O deserto e com ele a sede e, no fundo, a morte. Daí o medo, a desorientação que aflige cada homem e mulher ao longo do caminho da vida. Aquele medo que impele Pedro a escandalizar-se diante da cruz e a desejar “proteger” Jesus, afastando-o do seu destino de sofrimento. A reação de Jesus é direta, cortante. E mais ainda as suas últimas palavras na cruz, que exprimem todo este mistério: primeiro «tenho sede» e depois «meu Deus, por que me abandonaste?».

A fé cristã respondeu a esta pergunta, a esta sede. Disse o Papa de modo forte e vibrante na homilia, convidando os fiéis a permanecer, a habitar esta questão, sem a evitar nem fugir: «A fé cristã responde a esta sede; leva-a a sério; não a elimina, não procura saciá-la com paliativos ou sucedâneos: não! Pois nesta sede está o nosso grande mistério: ela abre-nos ao Deus vivo, ao Deus Amor que vem ao nosso encontro para nos tornar seus filhos, irmãos e irmãs entre nós. [...] É verdade que, às vezes, nos sentimos como uma terra deserta, árida e sem água, mas é igualmente verdade que Deus cuida de nós e nos oferece água límpida e refrescante, a água viva do Espírito que, jorrando em nós nos renova, libertando-nos do perigo da seca. É Jesus que nos dá esta água».

Depois, o Papa cita uma bonita passagem de Santo Agostinho: «Se nos reconhecermos no sedento, reconhecer-nos-emos também no saciado» (Sobre o Salmo 62, 3).

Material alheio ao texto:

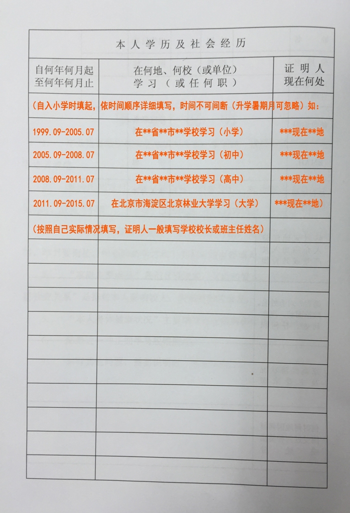 3、“本人学历及社会经历”自入小学时起,依时间顺序详细填写,年月要衔接。中途间断学习和工作的时间也要填入,并加说明。

Com efeito, se muitas vezes na nossa vida experimentamos o deserto, a solidão, o cansaço e a esterilidade, contudo não devemos esquecer isto: «Para não esvaecer neste deserto, acrescenta Agostinho, Deus asperge-nos com o orvalho da sua Palavra [...]. Faz-nos, sim, sentir sede, mas depois vem saciá-la. [...] Deus teve piedade de nós e abriu-nos um caminho no deserto: Nosso Senhor Jesus Cristo», e este é o caminho no deserto da vida. Há um deserto, mas há um caminho; há sede, mas há água.

A escritora dinamarquesa Karen Blixen encarou este mistério, é este o destino dos verdadeiros artistas, habitou esta interrogação e ofereceu-nos esta reflexão: «Até hoje, ninguém viu aves migratórias dirigir-se para esferas mais quentes que não existem, ou rios desviados através de rochedos e planícies a fim de correr para um oceano que não se pode encontrar. Pois Deus não cria um anseio, um desejo ou uma esperança, sem ter pronta uma realidade que os realize. O nosso anseio é a nossa certeza, e bem-aventurados sejam os nostálgicos, porque voltarão para casa».

Voltando para casa da viagem à Mongólia, o Papa oferece-nos esta esperança possível, necessária e credível.